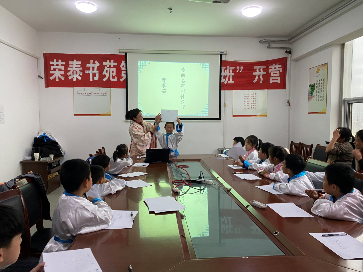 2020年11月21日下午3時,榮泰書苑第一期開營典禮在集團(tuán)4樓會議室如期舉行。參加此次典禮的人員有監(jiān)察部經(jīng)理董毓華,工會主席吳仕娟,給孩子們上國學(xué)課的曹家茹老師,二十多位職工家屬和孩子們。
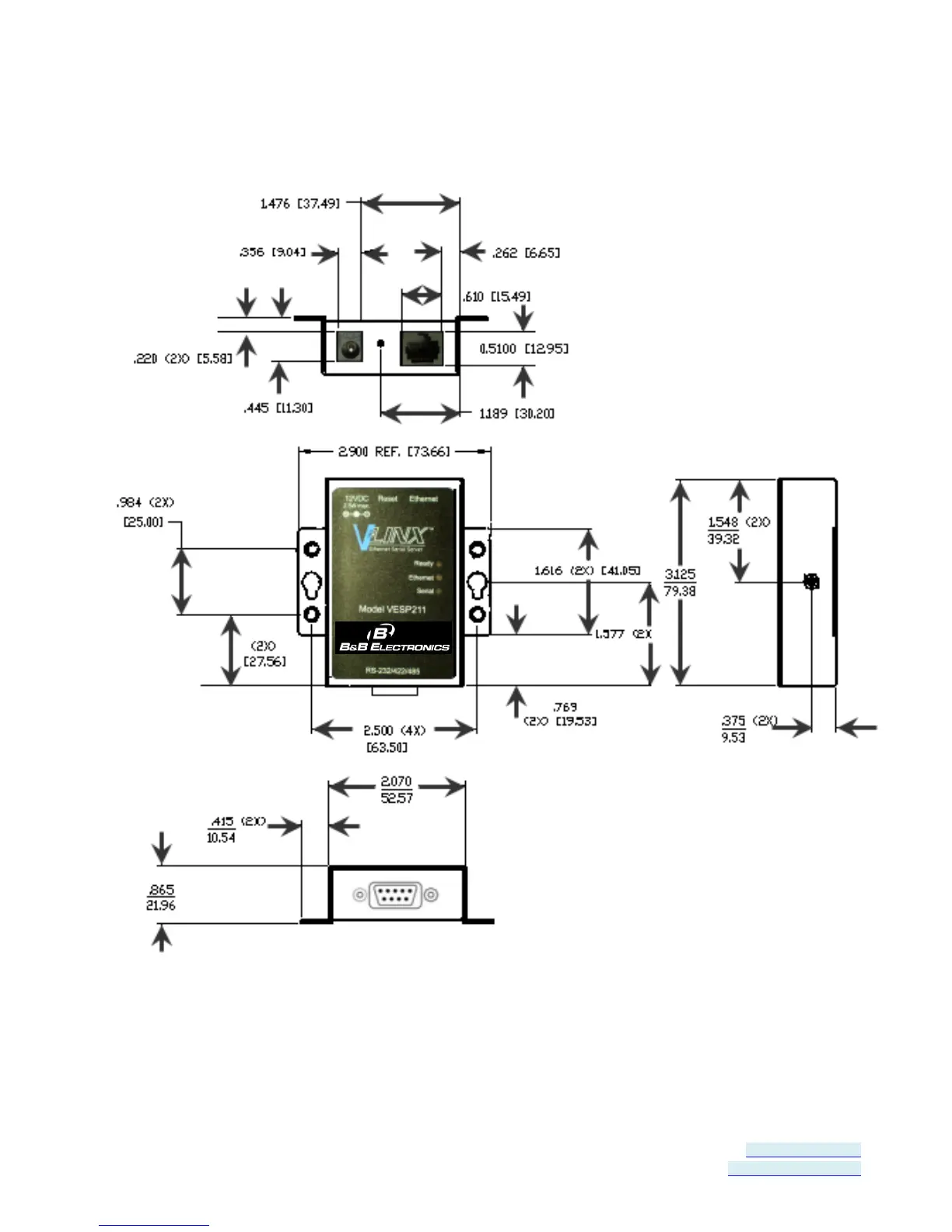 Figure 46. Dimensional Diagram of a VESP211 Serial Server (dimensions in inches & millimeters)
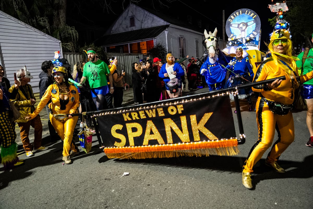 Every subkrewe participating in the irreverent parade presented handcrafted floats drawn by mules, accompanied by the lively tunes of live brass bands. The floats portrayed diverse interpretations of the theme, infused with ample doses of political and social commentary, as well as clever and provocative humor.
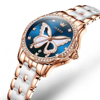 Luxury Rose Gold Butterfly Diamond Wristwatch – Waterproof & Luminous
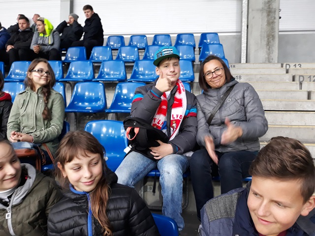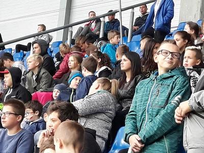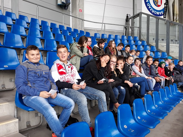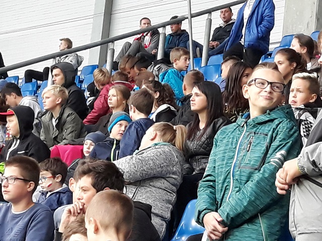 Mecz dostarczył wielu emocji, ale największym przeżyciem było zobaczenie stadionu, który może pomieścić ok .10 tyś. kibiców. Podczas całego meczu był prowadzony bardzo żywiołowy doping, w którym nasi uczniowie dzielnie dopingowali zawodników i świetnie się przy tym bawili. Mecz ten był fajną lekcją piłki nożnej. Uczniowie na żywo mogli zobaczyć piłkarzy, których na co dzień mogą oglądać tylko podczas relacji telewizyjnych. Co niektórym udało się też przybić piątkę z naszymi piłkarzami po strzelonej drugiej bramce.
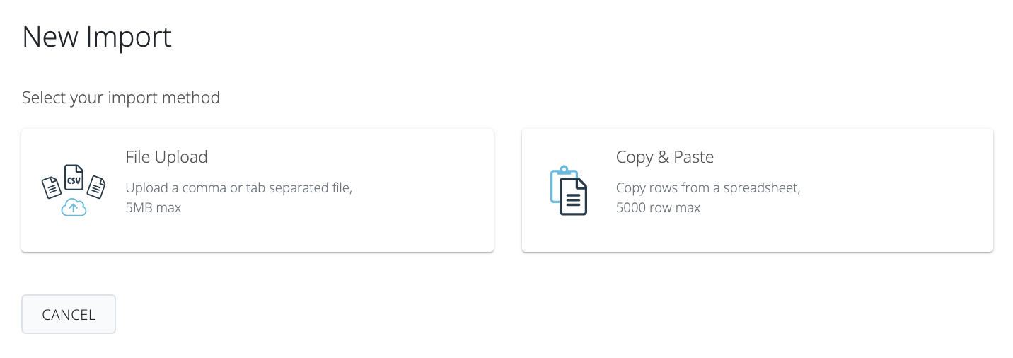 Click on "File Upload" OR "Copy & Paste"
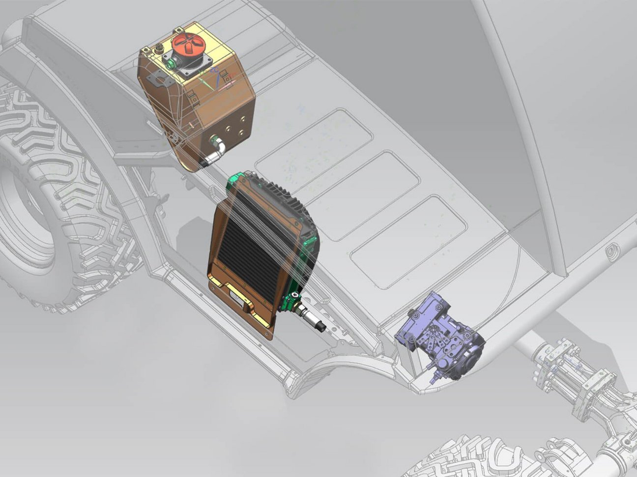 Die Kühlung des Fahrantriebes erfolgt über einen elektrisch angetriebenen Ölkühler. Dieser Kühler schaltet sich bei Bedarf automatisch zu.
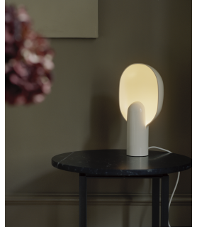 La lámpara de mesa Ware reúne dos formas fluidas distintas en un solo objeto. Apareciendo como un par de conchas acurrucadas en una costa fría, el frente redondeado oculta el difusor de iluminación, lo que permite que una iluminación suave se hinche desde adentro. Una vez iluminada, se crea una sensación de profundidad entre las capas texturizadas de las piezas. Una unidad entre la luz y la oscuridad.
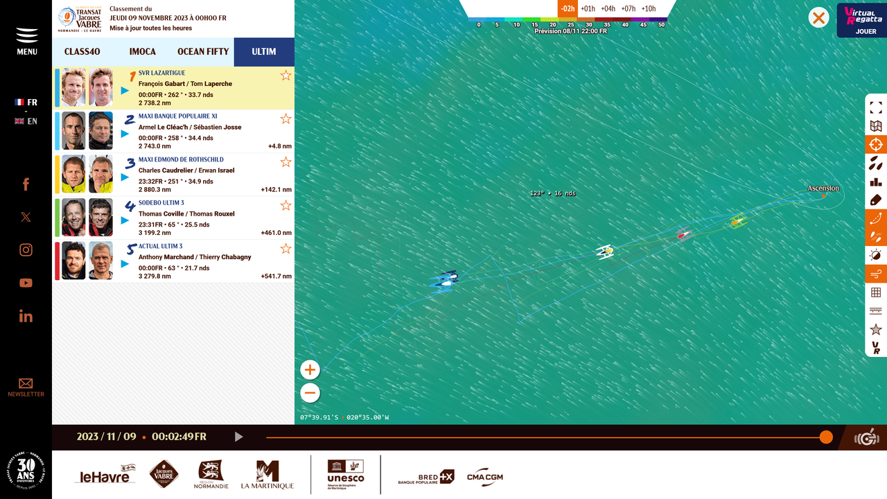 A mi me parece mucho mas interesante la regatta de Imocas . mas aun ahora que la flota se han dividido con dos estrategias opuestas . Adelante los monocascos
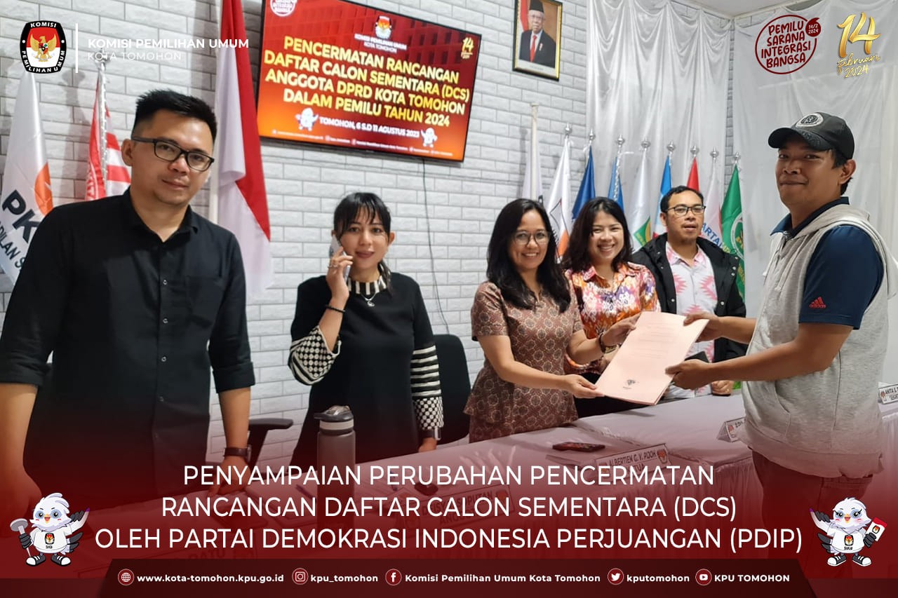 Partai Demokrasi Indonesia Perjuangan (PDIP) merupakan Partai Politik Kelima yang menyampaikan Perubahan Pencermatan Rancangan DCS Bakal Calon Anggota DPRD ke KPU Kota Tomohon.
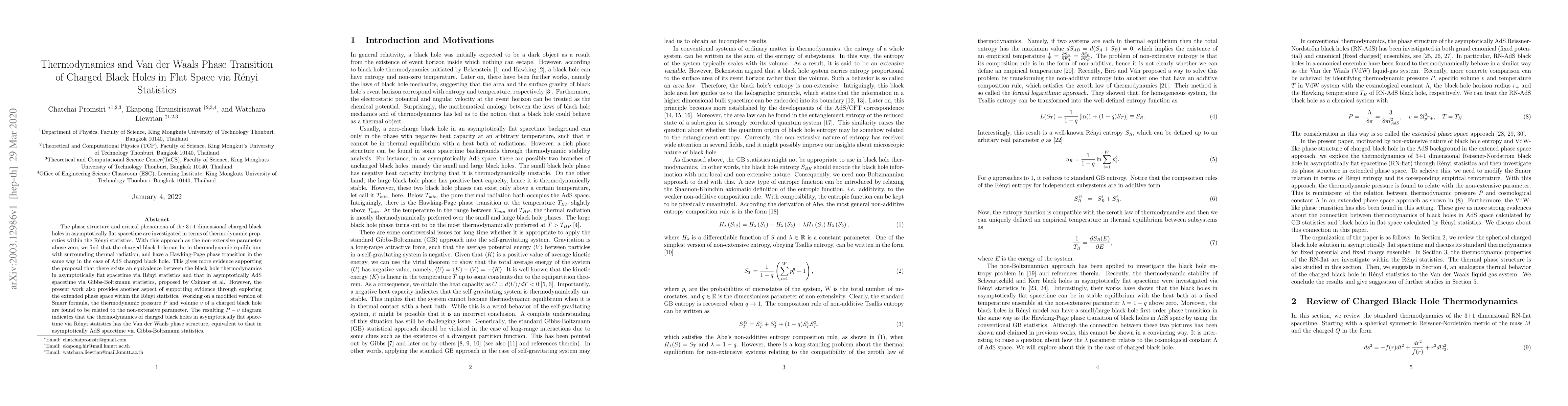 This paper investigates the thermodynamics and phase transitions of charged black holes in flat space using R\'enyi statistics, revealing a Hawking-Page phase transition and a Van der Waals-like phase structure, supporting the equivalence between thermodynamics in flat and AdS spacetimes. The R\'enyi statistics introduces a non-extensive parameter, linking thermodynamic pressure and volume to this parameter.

= = = = = = =

Copy out each line of the data exactly as it reads; skip the pictures.

 2020年11月21日下午3時,榮泰書苑第一期開營典禮在集團(tuán)4樓會議室如期舉行。參加此次典禮的人員有監(jiān)察部經(jīng)理董毓華,工會主席吳仕娟,給孩子們上國學(xué)課的曹家茹老師,二十多位職工家屬和孩子們。
 Figure 46. Dimensional Diagram of a VESP211 Serial Server (dimensions in inches & millimeters)
 Every subkrewe participating in the irreverent parade presented handcrafted floats drawn by mules, accompanied by the lively tunes of live brass bands. The floats portrayed diverse interpretations of the theme, infused with ample doses of political and social commentary, as well as clever and provocative humor.
 Luxury Rose Gold Butterfly Diamond Wristwatch – Waterproof & Luminous
 Mecz dostarczył wielu emocji, ale największym przeżyciem było zobaczenie stadionu, który może pomieścić ok .10 tyś. kibiców. Podczas całego meczu był prowadzony bardzo żywiołowy doping, w którym nasi uczniowie dzielnie dopingowali zawodników i świetnie się przy tym bawili. Mecz ten był fajną lekcją piłki nożnej. Uczniowie na żywo mogli zobaczyć piłkarzy, których na co dzień mogą oglądać tylko podczas relacji telewizyjnych. Co niektórym udało się też przybić piątkę z naszymi piłkarzami po strzelonej drugiej bramce.
 Click on "File Upload" OR "Copy & Paste"
 Die Kühlung des Fahrantriebes erfolgt über einen elektrisch angetriebenen Ölkühler. Dieser Kühler schaltet sich bei Bedarf automatisch zu.
 La lámpara de mesa Ware reúne dos formas fluidas distintas en un solo objeto. Apareciendo como un par de conchas acurrucadas en una costa fría, el frente redondeado oculta el difusor de iluminación, lo que permite que una iluminación suave se hinche desde adentro. Una vez iluminada, se crea una sensación de profundidad entre las capas texturizadas de las piezas. Una unidad entre la luz y la oscuridad.
 A mi me parece mucho mas interesante la regatta de Imocas . mas aun ahora que la flota se han dividido con dos estrategias opuestas . Adelante los monocascos
 Partai Demokrasi Indonesia Perjuangan (PDIP) merupakan Partai Politik Kelima yang menyampaikan Perubahan Pencermatan Rancangan DCS Bakal Calon Anggota DPRD ke KPU Kota Tomohon.
 This paper investigates the thermodynamics and phase transitions of charged black holes in flat space using R\'enyi statistics, revealing a Hawking-Page phase transition and a Van der Waals-like phase structure, supporting the equivalence between thermodynamics in flat and AdS spacetimes. The R\'enyi statistics introduces a non-extensive parameter, linking thermodynamic pressure and volume to this parameter.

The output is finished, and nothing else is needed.